Madame Valéria Brownhill, de sa longue robe au décolleté osé, se tenait face – dans sa cuisine ‒ à Mélia. Cette dernière, aux longs cheveux ondulés couleurs miel, et aux yeux chocolatés, ne savait quoi répondre. Devait-elle dire à sa tante aigrie, que si son fils Léandre ne savait se tenir à table, il en venait de l'éducation donnée par ses parents ?

Difficile pourtant, de tenir tête à cette femme si rude, dont les cheveux noirs sous un chignon sophistiqué, s'ébouriffaient de colère.

« Je suis désolée, ma tante, répondit la jeune femme, Léandre est beaucoup trop agité ce soir, je ne peux...

‒ Arrêtez de vous trouver des excuses, et remettez-vous au travail ! s'égosilla la trentenaire.

‒ Ce n'est pas une excuse ! s'offusqua Mélia. Je ne peux m'occuper des plats et de vos enfants en même temps ! »

Une main brutale et froide s'effondra sur la joue de la demoiselle.

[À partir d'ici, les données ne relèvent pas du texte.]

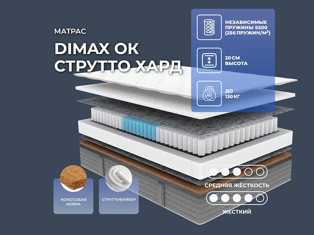 Преимущество матраса ОК Струтто Хард — он имеет 2 различные по жесткости стороны: жесткую и средне-жесткую.
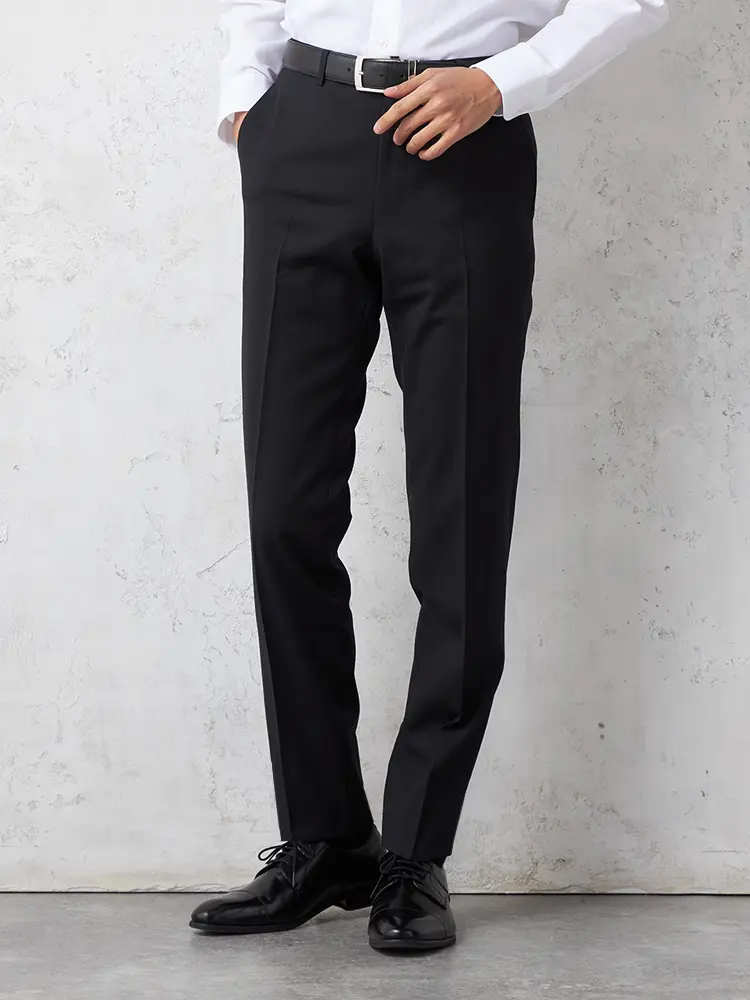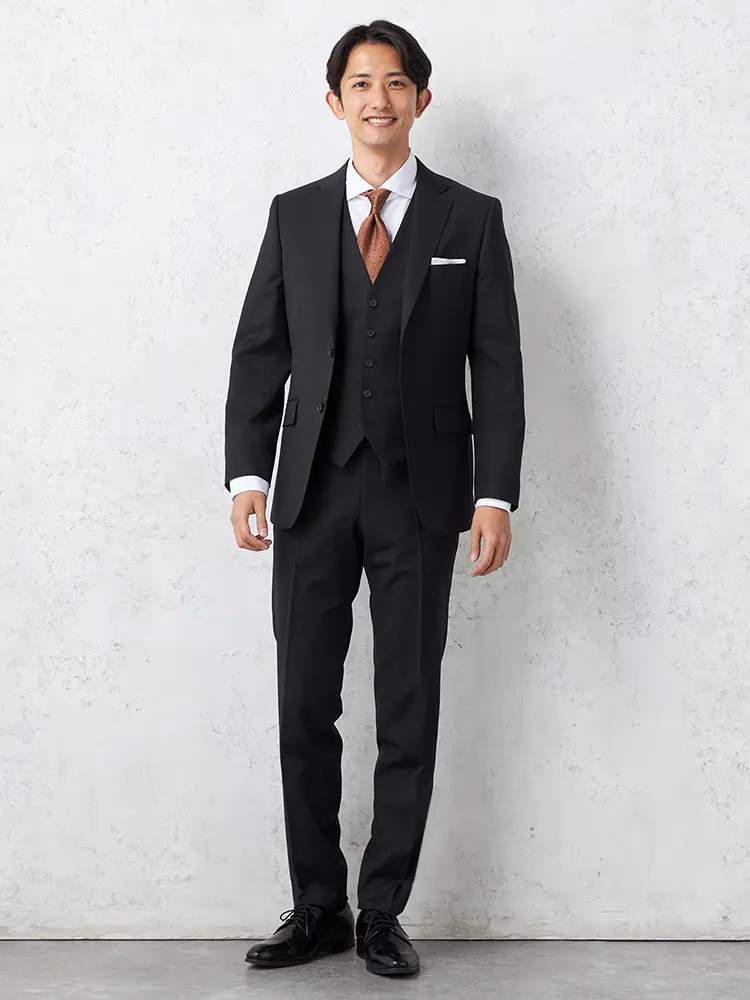 背抜き仕立てとサイドベンツで動きやすく、パンツは美脚に見えるノータック仕様。

« Baissez d'un ton, s'indigna la femme. Je comprends que vos parents ne vous aient pas inculqué les bonnes manières, mais maintenant que vous êtes chez nous, vous êtes censé les avoir acquises. À présent, retournez dans la salle à manger et occupez-vous des enfants. Vous vous occuperez des desserts, plus tard. »

A ces mots, Madame Brownhill quitta la pièce. Mélia passa sa langue sur ses lèvres et le goût du sang s'imprégna de suite dans sa bouche, comme le goût amer de l'humiliation. La demoiselle savait très bien qu'elle ne devait pas provoquer sa tante, si elle voulait pouvoir vivre au manoir encore quelque temps.

Amélia ‒ plus communément appelée Mélia ‒  fut rapidement adoptée par un oncle éloigné, après la mort de son père. Cette nouvelle famille, sortie de nulle part, était venue la sauver des rues et l'abriter dans un luxueux manoir, loin de la pauvreté dans laquelle elle avait toujours vécu.

Mélia l'apprit plus tard, mais cette chance cachait un dessein bien moins fantastique. Leur richesse ne s'exprimait que dans l'apparence de leur grande habitation. Cette dernière était bien délabrée, faute de moyen, et les écuries n'accueillaient plus aucun animal depuis longtemps.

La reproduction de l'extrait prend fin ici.